Building Multiclass Classifiers for Remote Homology Detection and Fold Recognition

Date of Submission: 
April 5, 2006
Report Number: 
06-013
Report PDF: 
Abstract: 

Motivation: Protein remote homology prediction and recognition are central problems in computational biology. Supervised learning algorithms based on support vector machines currently one of the most effective methods for solving these problem. These methods are primarily used to solve binary classification problems and they have not been extensively used to solve the general multiclass remote homology prediction and fold recognition problems.

Methods: We developed a number of methods for building SVMbased multiclass classification schemes in the context of the protein classification. These methods includes schemes that build an SVM-based multiclass model, schemes that employ second level learning approach to combine the predictions generated by a set of binary SVM-based classifiers, and schemes that build combine binary classifiers for various levels of the SCOP hierarchy beyond those defining the target classes.

Results: We performed a comprehensive study analyzing different approaches using four different datasets.

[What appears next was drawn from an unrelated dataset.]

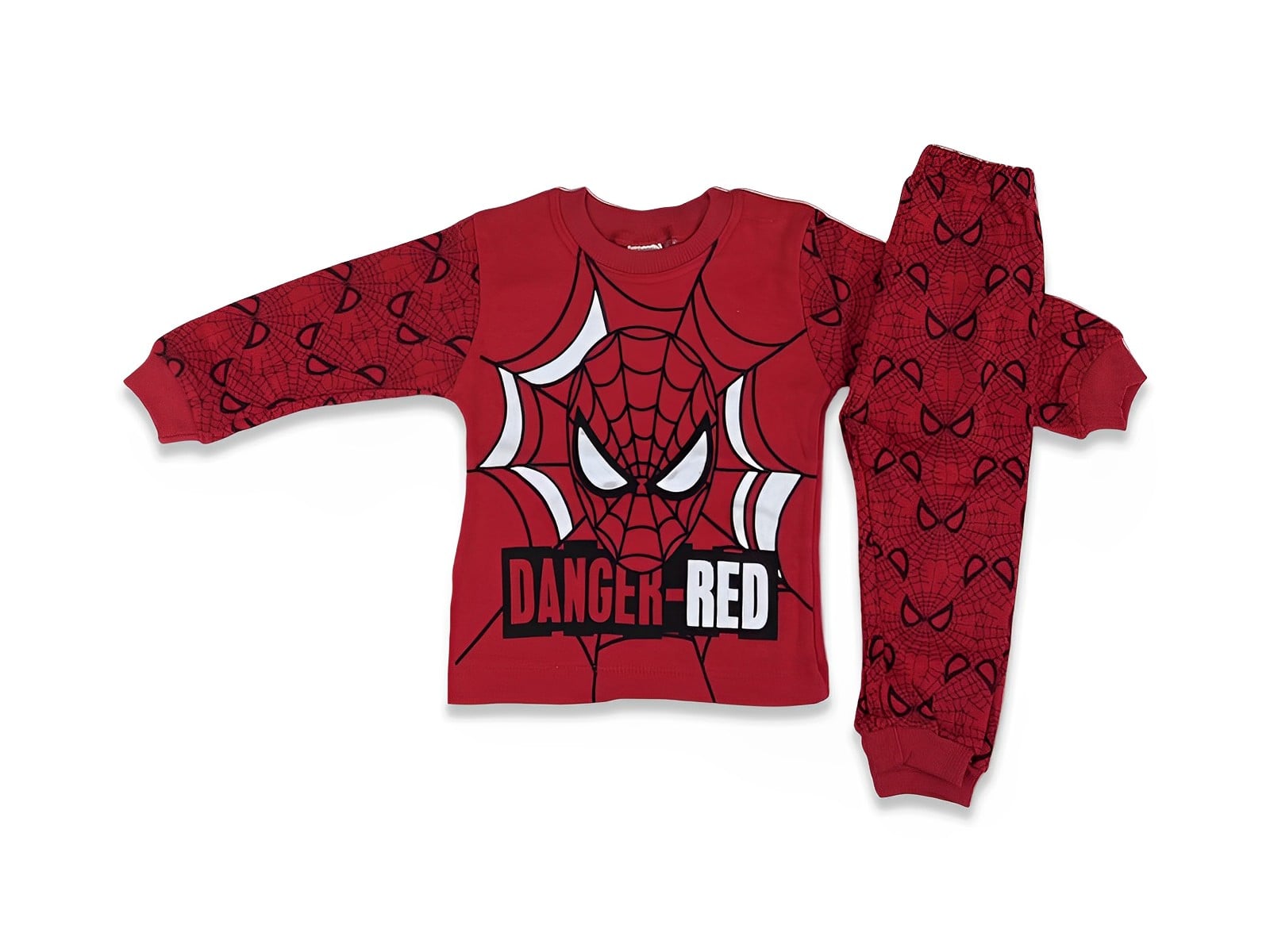 Το σετ αυτό αποτελείται από μπλουζίτσα και παντελονάκι. Η μπλούζα είναι σε κόκκινο χρώμα και έχει σχέδιο στάμπα αγαπημένο υπερήρωα κινουμένων σχεδίων και γράφει “Danger-Red”. Το παντελονάκι είναι σε κόκκινο χρώμα με λάστιχο περιμετρικά στη μέση και στους αστραγάλους.

Our results that most of the proposed multiclass SVM-based classification approaches are quite effective in solving the remote homology prediction and fold recognition problems and that the schemes predictions from binary models constructed for ancestral categories within the SCOP hierarchy tend to qualitatively improve the prediction results.

Website: http://bioinfo.cs.umn.edu/supplements/mc-fold/

Keywords: fold recognition, remote homology, multiclass, hierarchical, structured learning, support vector machines.